Who Am I? (2018)
When I was writing my application letters for graduate school yesterday, I found this “Personal Statement” I wrote for HKU application three years ago. It was a week after Gaokao, and I could estimate that my score would not be good enough, so I wrote this PS casually but devotedly. It is a story about Beijing and Changsha, about my identity, and it’s still worth reading.
Personal Statement
Who am I
June 8th, 2018, after finishing Gaokao, I took the late flight from Changsha to Beijing to reunite with my schoolmates and take graduation photograph. This trip was hard to define. Was it a trip BACK home? Or did I just fly TO Beijing? Logically speaking, I live in Beijing, so it is my home. Geographically and emotionally speaking , my hometown is Changsha, the place where I was born. So, whenever a university asked me where I come from, I would hesitate, then answer “maybe Beijing” and think that perhaps anywhere would be my home.
In Beijing, I am proud to be a Hunanese. Though my identity set difficulties for me to attend high school in Beijing and disallowed me to take Gaokao in Beijing, I am not embarrassed with this situation. I embraced my education and expressed my talents. I luckily attend a great primary school by my parents’ efforts; I was chosen in the Early Development Program of RDFZ for talented students; I performed well in Zhongkao and successfully continued my education in high school. In my life, there is a voice that keeps telling me to inherit the Four Spirit of Changsha people, which are perseverance, bravery, patience, and optimism. I carried these spirits to stand out in my circle and carried these spirits to get on well with things around me, proving that I am strong enough to survive in Beijing.
I miss my hometown in Beijing, missing the food, the accents, the weather, everything. However, when I went back to Changsha to take Gaokao, I found that I got lost in my hometown. My new classmates treated me more as a Beijinger than a local fellow, and they were surprised to hear dialectical words and Hunanese accent from my speaking. At that time, I was a little bit disappointed, since it seemed that I was not fully accepted by neither Beijing nor Changsha.
Confused, I began to think that whether the environment accepts me is not a major problem, as the real question is that what I accept myself as. Fortunately, the experience in Changsha in last few months provided me a great chance to rethink my path. Being far away from Beijing, still not familiar with new friends and classmates, I got a better condition to observe things around me.
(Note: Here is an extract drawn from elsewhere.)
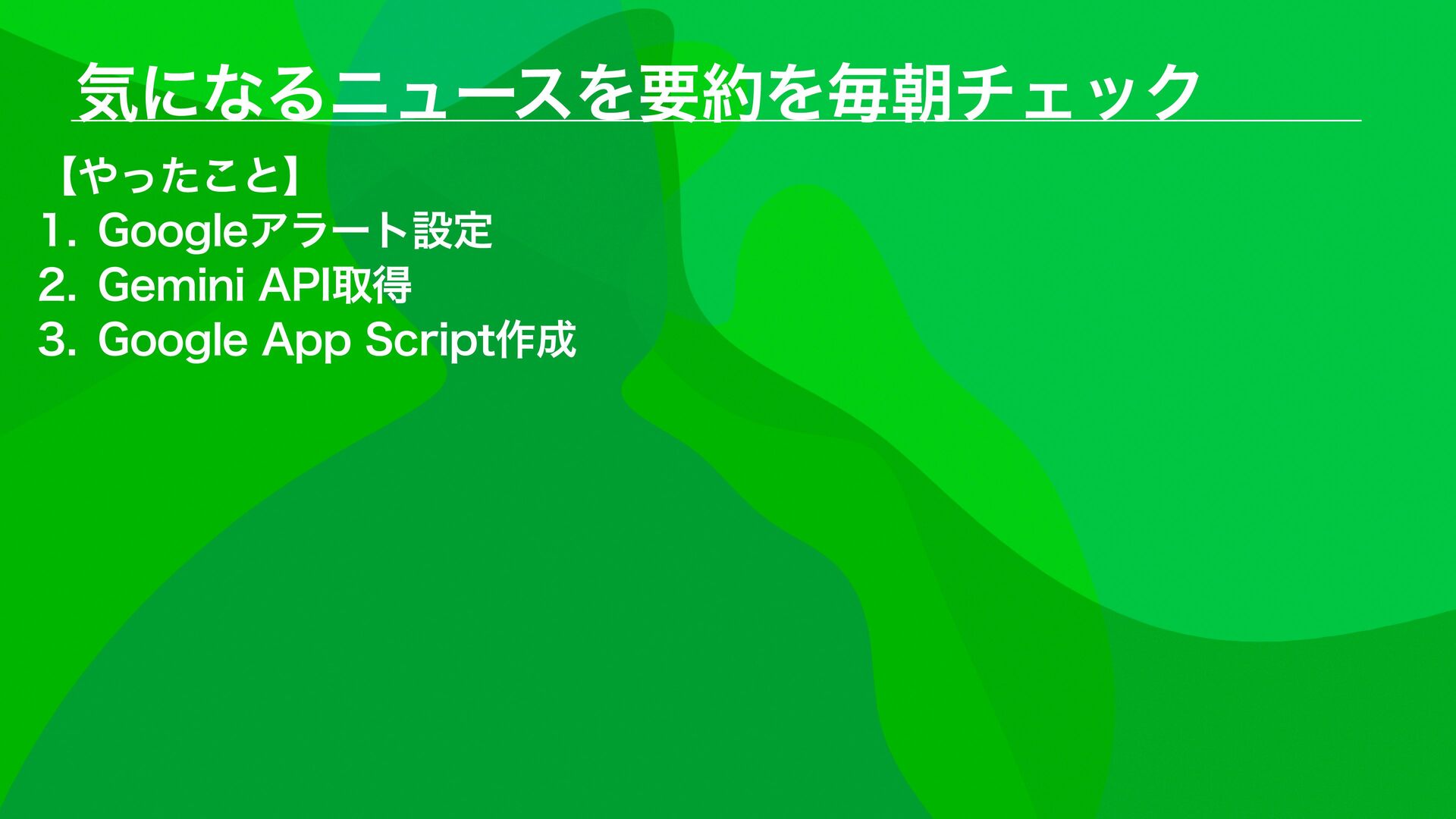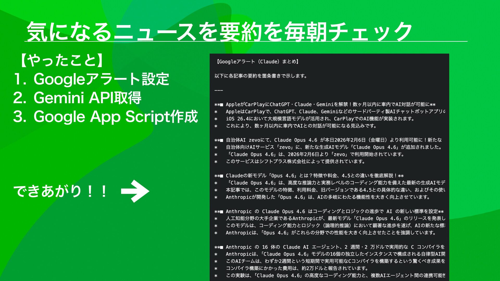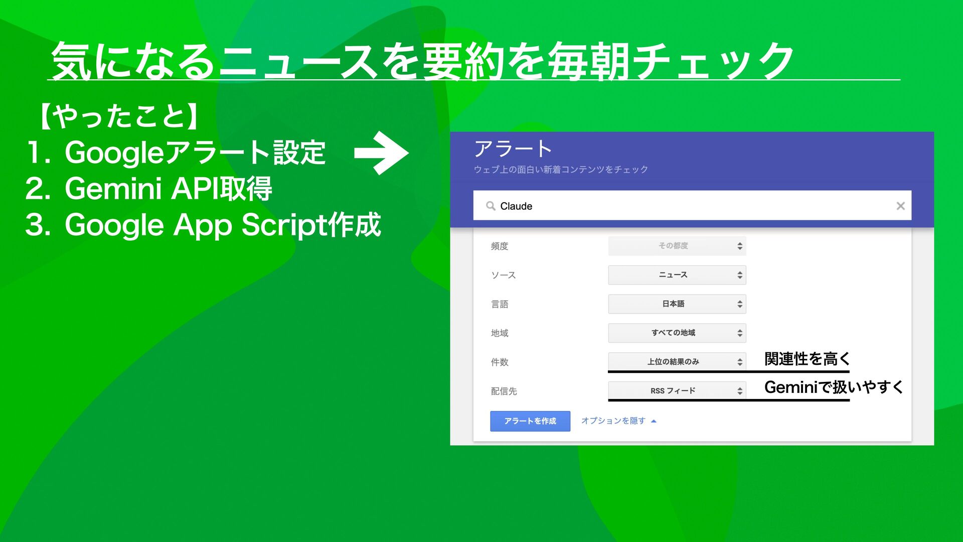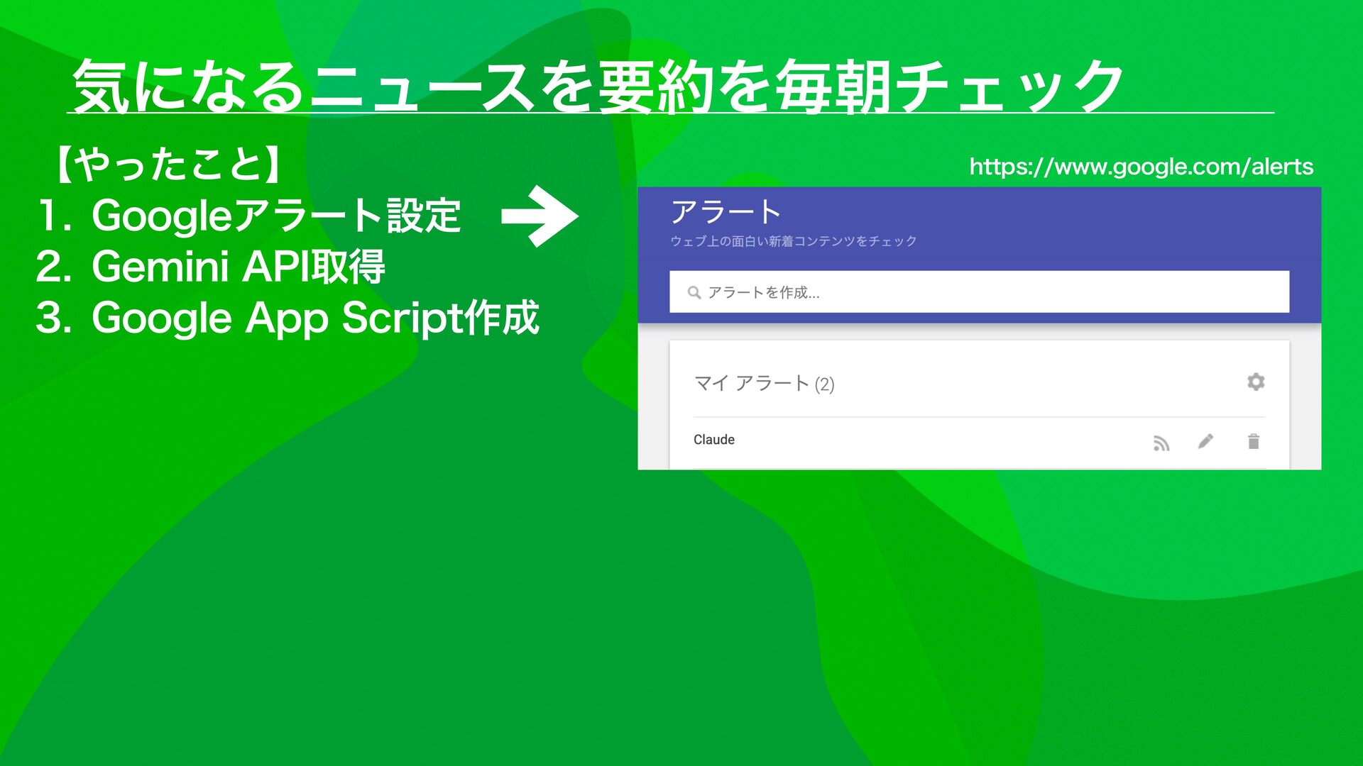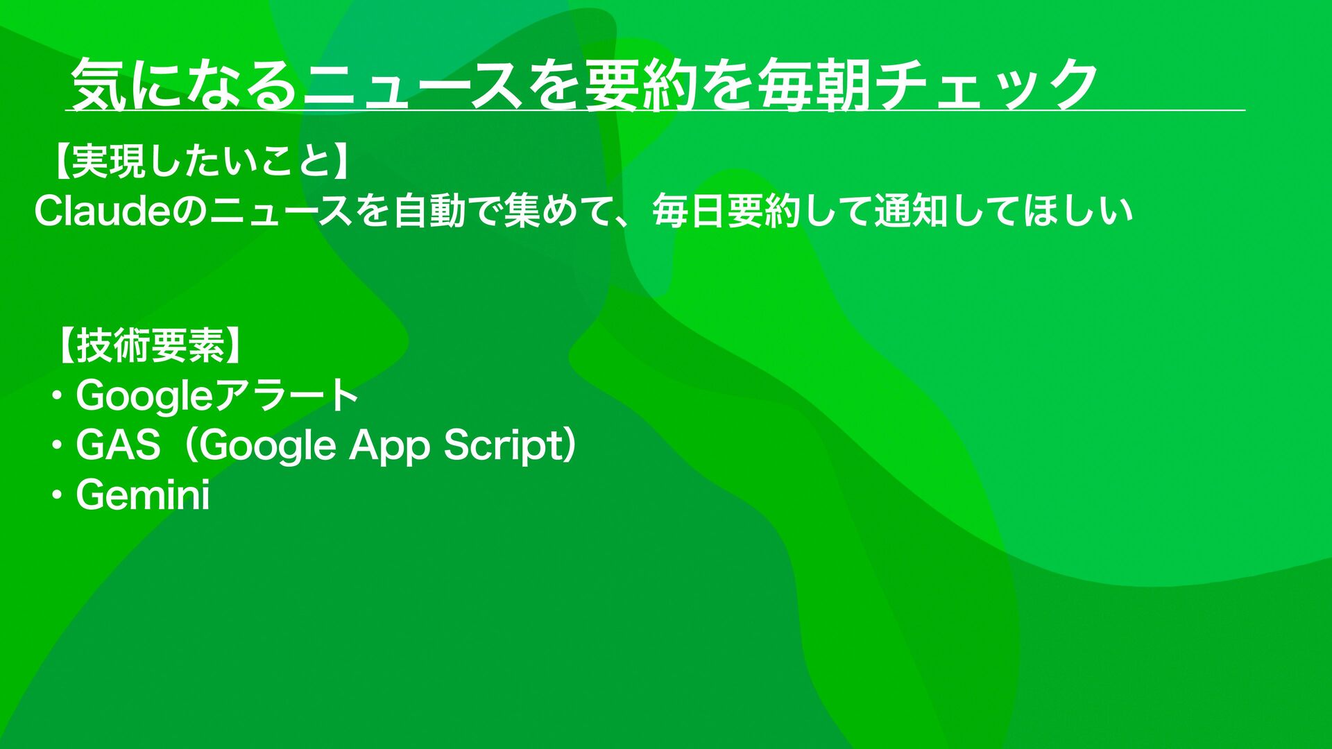 ؾʹͳΔχϡʔεΛཁΛຖேνΣοΫ ʲ࣮ݱ͍ͨ͜͠ͱʳ $MBVEFͷχϡʔεΛࣗಈͰूΊͯɺຖཁͯ͠௨ͯ͠΄͍͠ ʲٕज़ཁૉʳ ɾ(PPHMFΞϥʔτ ɾ("4ʢ(PPHMF"QQ4DSJQUʣ ɾ(FNJOJ

Honestly, what I received in Beijing, in RDFZ, is a quite liberal education that allowed me to pursue what I am interested in with the smallest limit. I met baseball, I found Bridge, and I was even allowed to climb up to the dangerous roof of school building to make movie. By contrast, in Changsha, the administration on students is believed to be stricter. However, I am not saying that one condition is better than the other. I encountered the authentic spirits during my stay in Changsha. The spirits were not just in Hunanese’s mind. They put them into action: the dedication in study, the ambition to leave Hunan, represent Hunan, and make contribution to our country as a Hunanese.
I came to a conclusion that why I felt strange in both two cities is that maybe I have qualities from both cities. That conclusion excites me and encourages me to continue my life path with my treasured experience and spirits.
Now I am standing on the crossroads to universities. I always believe a new place would be a great choice. Hong Kong is the metropolitan that attracts me. I have been there for countless times for SAT exams, for Bridge competitions, and for holiday trips. I even founded a Cantonese Culture Club in high school two years ago. Hong Kong has a more liberal environment, a warm and humid climate of southern China, an intricate metro system, and a diverse language environment mixing Cantonese, Mandarin and English that I longed for.
All in all, I believe that wherever I go, I will keep my pride as a Hunanese, and more importantly, as a person who treats everywhere as his home.
First written on 15/06/2018, Beijing.